▶ WHAT TO PRODUCE:
Compute how many lines in the listing below hold the string "بهتر", then state only the result.

▶ INFORMATION:
:::::
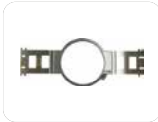
1 x telaio rotondo 15cm
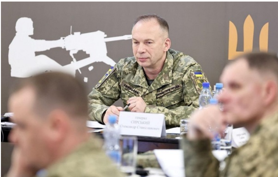
Олександр Сирський провів нараду за підсумками боїв у березні

Російській кількості протиставляється українська якість ведення бойових дій, зазначив головком.
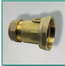
MS-Pumpenkugelhahn Brass pump valve with compression connector
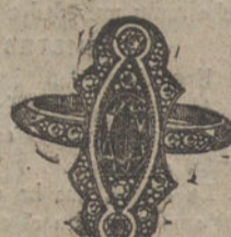
Núm. J. 3.100.—Sortija oro y platino, un zafiro, 2 brillantes y 14 rosas. Pesetas 360.
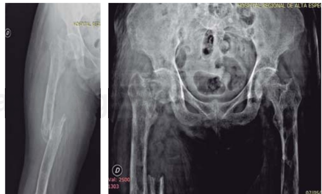
Figura 1: Radiografía anteroposterior de muslo derecho con fractura segmentaria de fémur. La radiografía anteroposterior de pelvis muestra lesiones líticas radiolúcidas en imagen de pompas de jabón, que corresponde a tumores pardos de hiperparatiroidismo.
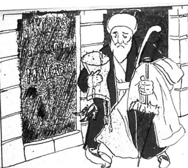
۳) - قونولبر اتیفده بازارداق، ایده یلدیگی شیلر.
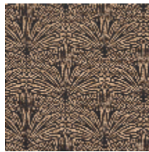
3247-04 DATTIER - ECORCE
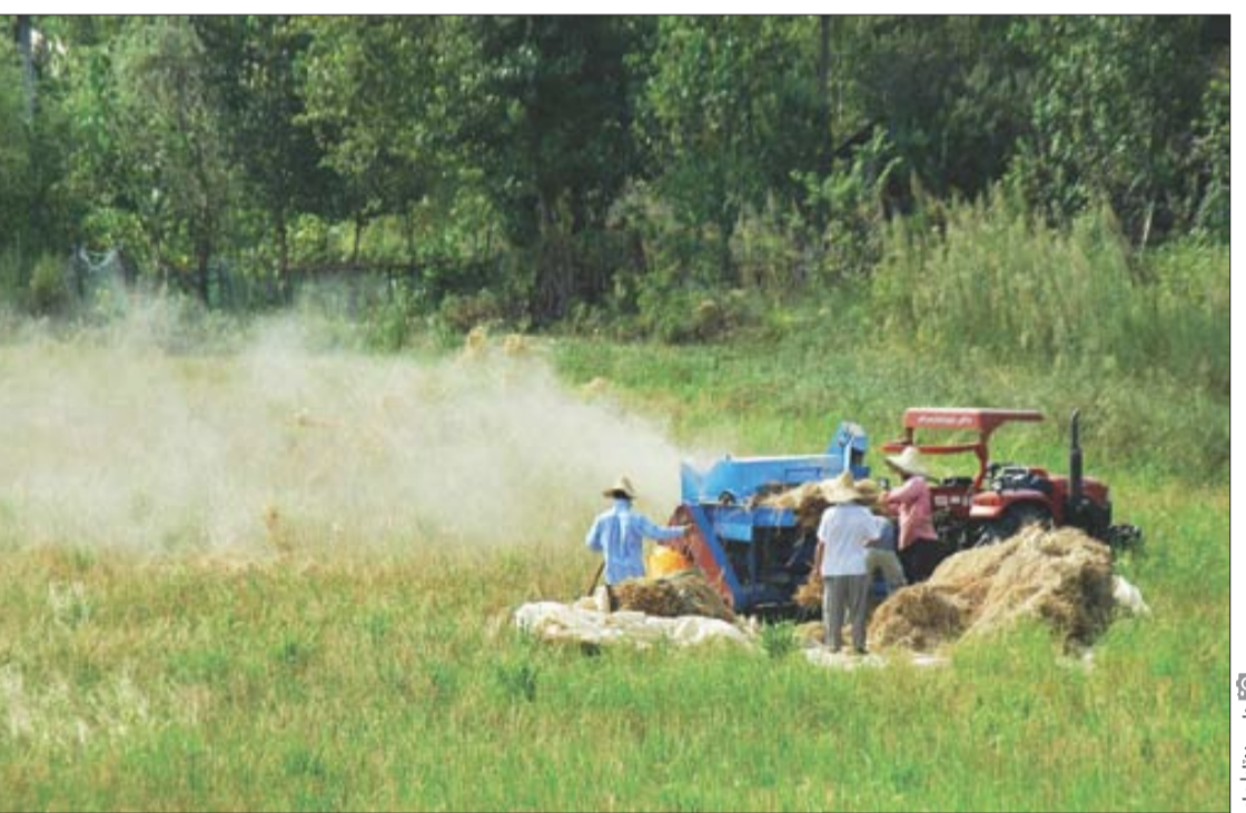
بعد از اینکه گروه های جهادی یکی پس از دیگری متولد و برای کمک به هموطنان و به علاوه ساکنان مناطق محروم و کمبرخوردار به این نقاط اعزام می شدند، قرار شد برای ساماندهی و برنامه ریزی بهتر و همچنین ارائه خدمات اصولی و جامع تر، مجمع جهادگران استانی تشکیل شود. این مجمع در هر استان تمام گروه های جهادی را زیر چتر خود گرفته و در گذر زمان به تخصصی سازی

ایجاد راه اندازی کانال و گروه در فضای مجازی یکی دیگر از اقدامات مجمع جهادگران استان آذربایجان شرقی است که به گفته رئیس این مجمع، این کار مورد استقبال گروه های جهادی قرار گرفته و بسیار مفید بوده است، چرا که گروه ها می توانند به تبادل تجربیات بپردازند و بعضاً سوره های جدیدی برای خدمت ارائه می شود. کیفی گروه های جهادی می توان به برگزاری یکی از اهداف ما در مجمع جهادگران استان تربیت جوانان انقلابی است، بنابراین با شبکه جذب استان تعامل داشتیم که در آگان ها جذب شوند. کسی که از دنیا می گذرد، می تواند از پس مسئولیت هایش برآید و بهتر خدمت کند.
:::::
▶ EXERCISE SOLUTION:
2